The results of the 5 ML techniques considering the complementary exam variables are shown in Fig 3B. All techniques presented G-means above 0.74, the maximum value being 0.77. The configuration considering only complementary exam variables presented predictive power superior to that achieved by configuration with the adoption of only interview variables, according to the U test (p-value < 0.001 for the three metrics).

Due to the high predictive effect of the NT-ProBNP variable, two other configurations were tested: 1) excluding the categorized NT-proBNP variable (only the variables remaining: QRS complex duration, heart rate variability, isolated right bundle branch block, quantitative PCR, corrected QT interval, low QRS complex voltage, heart rate, pathological Q wave, isolated right bundle branch block plus left anterior fascicular block, and pacemaker); 2) Keeping this variable exclusively (Fig 3C and 3D, respectively).

Configuration with variables from complementary exams excluding the categorized NT-proBNP

Excluding the categorized NT-proBNP variable (Fig 3C), the maximum observed G-mean was 0.66. The reduction observed between this configuration (Fig 3C) and the configuration with complementary exam variables (Fig 3B), according to the U test, shows that there is a significant difference (p-value < 0.002 for the three metrics), revealing a loss in prediction power with the withdrawal of NT-proBNP.

Configuration with only categorized NT-proBNP

The configuration with NT-proBNP exclusively (Fig 3D), revealed G-mean of up to 0.76 in all techniques, a value similar to the configuration with variables from complementary exams. There was no significant difference between these settings (p-value > 0.05 for the three metrics).

Configuration with interview and complementary exam variables

Using interview and complementary exam variables simultaneously, we tested whether there would be an improvement in the prediction of ML models. The results are shown in Fig 3E. Initially, the 20 most important predictor variables were included (10 from interviews and 10 from complementary exams) according to the Random Forests ranking. However, in the final model, 10 variables were kept: categorized NT-proBNP, QRS complex duration, heart rate variability, age, self-reported skin color, stair climbing, isolated right bundle branch block, quantitative PCR, corrected QT interval, and per capita income. In this configuration (Fig 3E), a G-mean of up to 0.75 was observed. In all techniques, no improvement in prediction was observed after using interview variables and complementary exams simultaneously (p-value > 0.05 for the three metrics). Configuration with only complementary exam variables (Fig 3B) had similar predictive power to the configuration with complementary exam and interview variables (Fig 3E).

Discussion

This study described how ML was able to predict death over a 2-year period in patients with CD, using different techniques and different configurations of predictive models. In general, the prediction of death from CD presented a G-mean value between 0.59 and 0.77, varying according to the techniques and configurations. The five techniques of ML adopted showed approximately similar values, not being possible to identify superiority of a technique in relation to the others. In the configuration using only variables from the interview, the different techniques revealed relatively modest values, with a maximum G-mean of 0.64. Configuration using only variables from complementary exams revealed a G-mean of up to 0.77. In this configuration, the role of NT-proBNP was evident (Fig 4), showing more than twice the importance observed for the other variables in the model. This finding was confirmed when observing the configuration using only NT-proBNP, where it was observed that this single variable reached a G-mean of 0.76. The configuration of interview variables and complementary exams simultaneously reached a G-mean of up to 0.75. Thus, the three configurations that considered NT-proBNP (variables from complementary exams, only with NT-proBNP, and from interview and complementary exams simultaneously) had similar and superior predictive power to the two configurations (interview and complementary exam variables excluding the NT-proBNP) that did not consider NT-proBNP. The role of this variable in the prediction of death is confirmed by verifying the similarity of the predictive power of the configuration that exclusively adopted this single variable with the predictive power of other more complex configurations.

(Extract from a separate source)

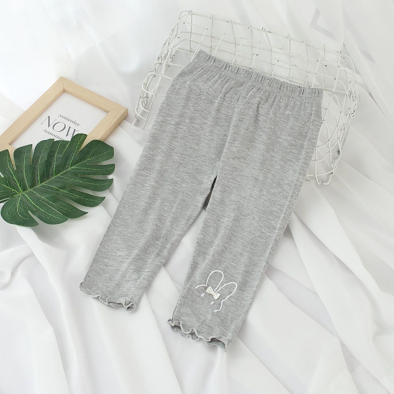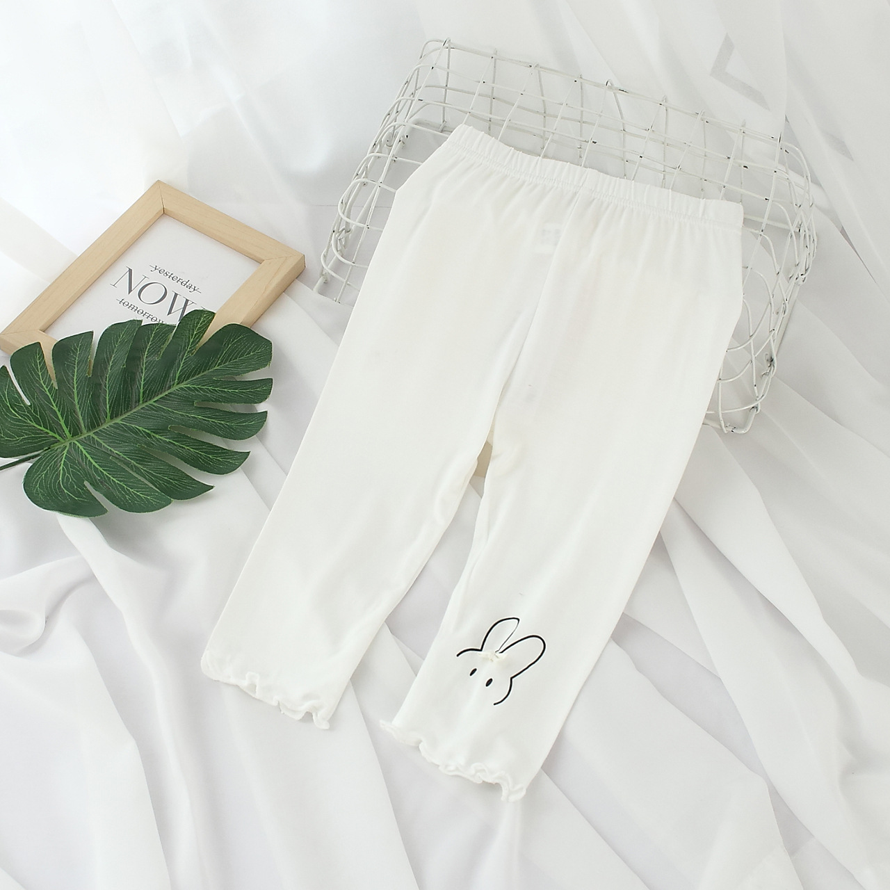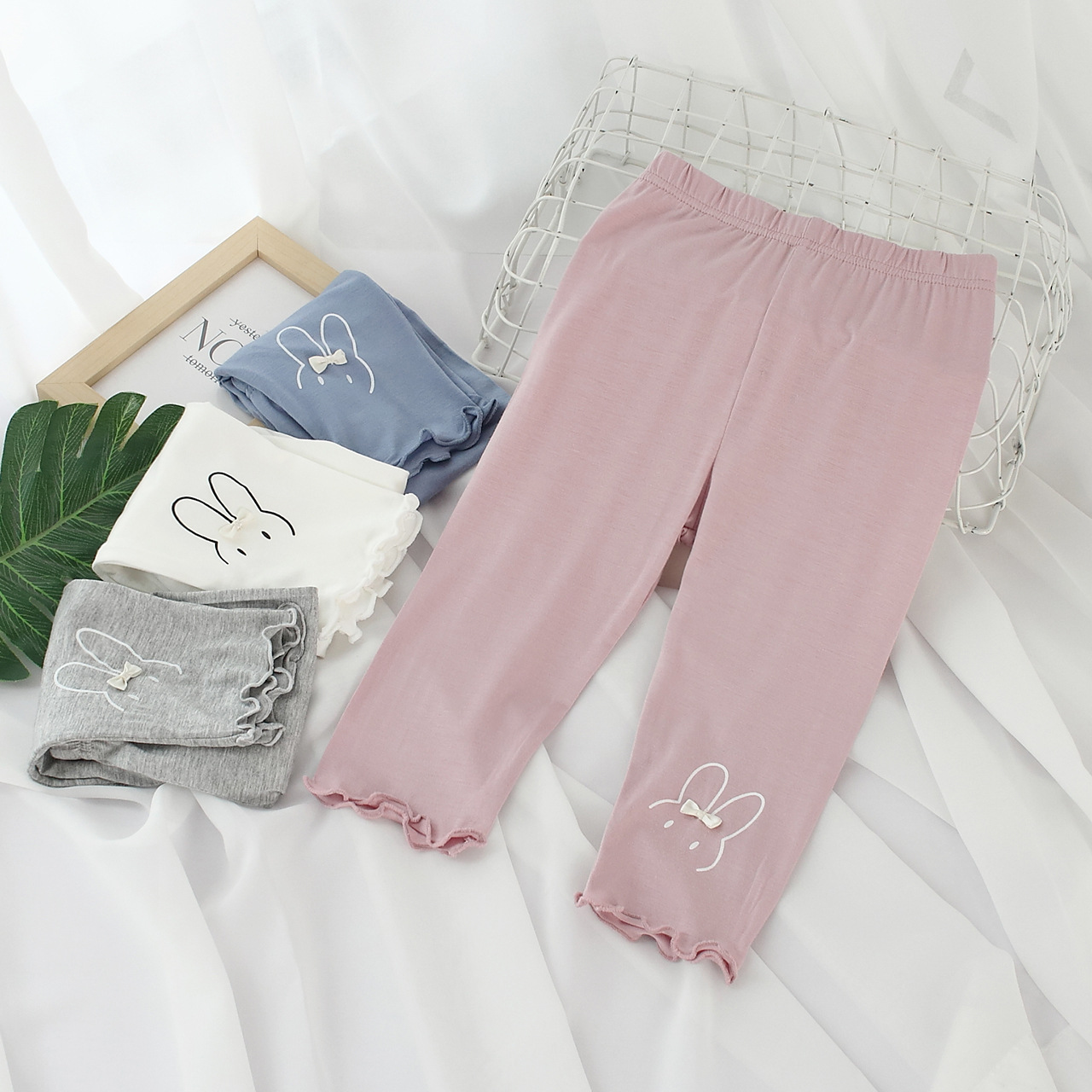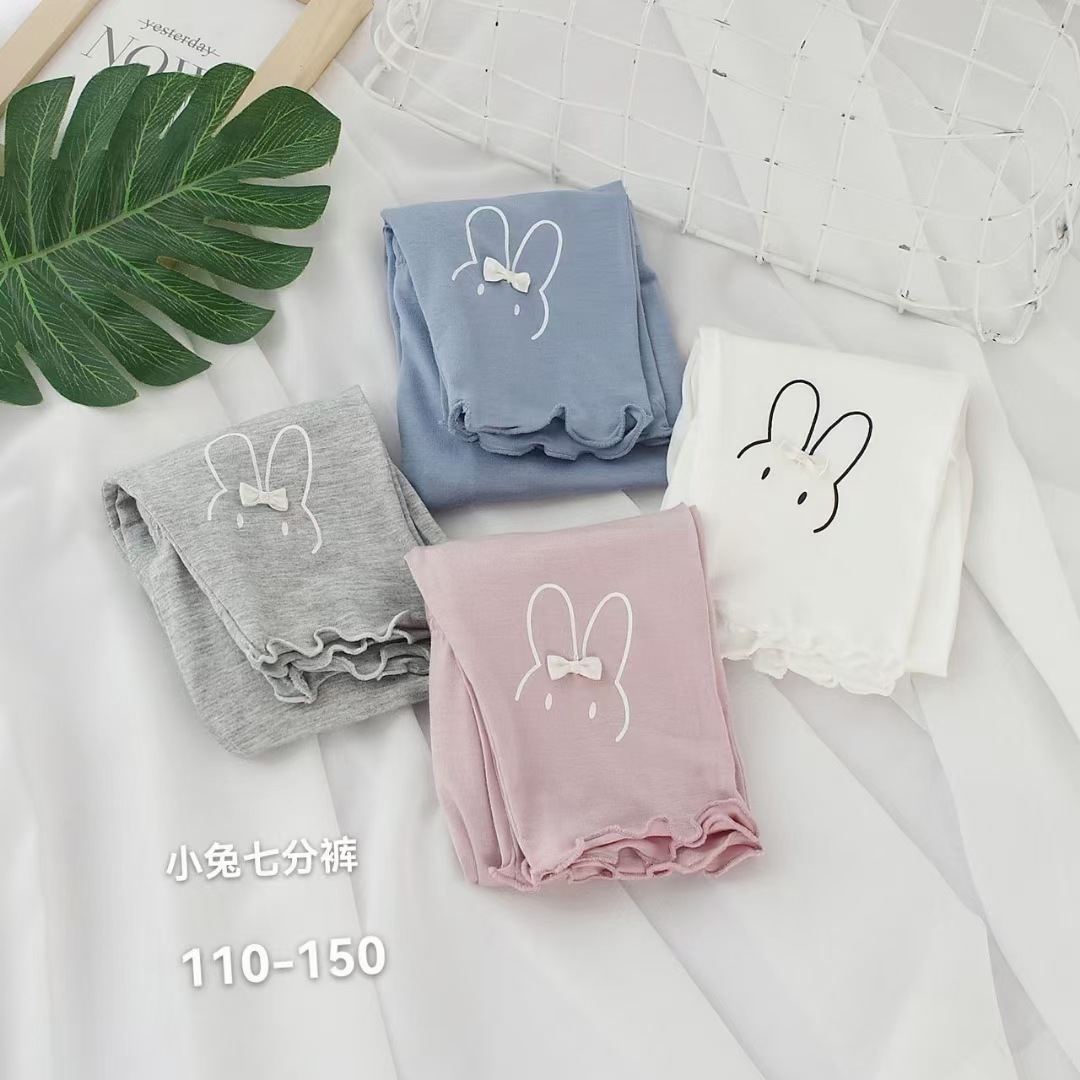 Summer girls lace cropped pants Korean cartoon rabbit girls modal cropped leggings atn4228

The different models obtained allowed us to identify which configurations have the best predictive power. In addition, the study made it possible to identify, through the use of artificial intelligence, the most important predictors of death from anamnesis, complementary exams, and both.

In the configuration with only variables from the interview, it was noticed that sociodemographic characteristics and self-reported signs/symptoms remained in the model. In this case, the high accuracy of self-reported questions for chronic conditions has already been verified [23]. In terms of clinical projection, adopting only ten interview variables during an anamnesis, individuals who would potentially benefit most from possible previous interventions would be identified. It would be possible to achieve 64% prediction power of death in this configuration. Although the predictive power is considered modest, it can still represent a significant clinical impact. This intervention could be useful in practice, in places where there is restricted access to exams and specialized health services, with a "selective, focused and exclusive" offering [24]. The literature also reports that the groups that have greater health needs, such as those with CD, are precisely those that have greater difficulty in accessing and using health services [25]. It is a great challenge for the Brazilian public health service (SUS) to achieve equitable access, as each social segment has different demands produced by social processes of exclusion, not always perceived by the government [24]. Thus, the ML tool could contribute to this need for better management of health system users with CD, using simple and effective data, from the anamnesis, especially in remote regions.

In the configuration only with variables from complementary exams, ECG, parasite load (quantitative PCR), and NT-proBNP biomarker variables remained. In this configuration, the prediction power achieved was greater than using only interview variables, highlighting the importance of information of complementary tests for conducting the clinical management of CD. The ECG is the most important complementary exam in the initial evaluation of patients with CD [4]. It is an inexpensive and standardized exam. Detection of t.cruzi parasites in blood by PCR has been used to assess the parasite burden and effectiveness of CD treatment, and previous studies have demonstrated the role of PCR in predicting CD progression [26,27]. When verifying the importance of complementary exam variables to compose the model, the NT-proBNP biomarker was prominent. Thus, due to this importance, a configuration with only this variable was tested, and the predictive power of this configuration composed with this single variable was similar to the predictive power of the configuration with the 10 complementary exam variables (76% vs. 77%). The configuration with complementary exam variables excluding NT-proBNP had significantly lower predictive power (66%).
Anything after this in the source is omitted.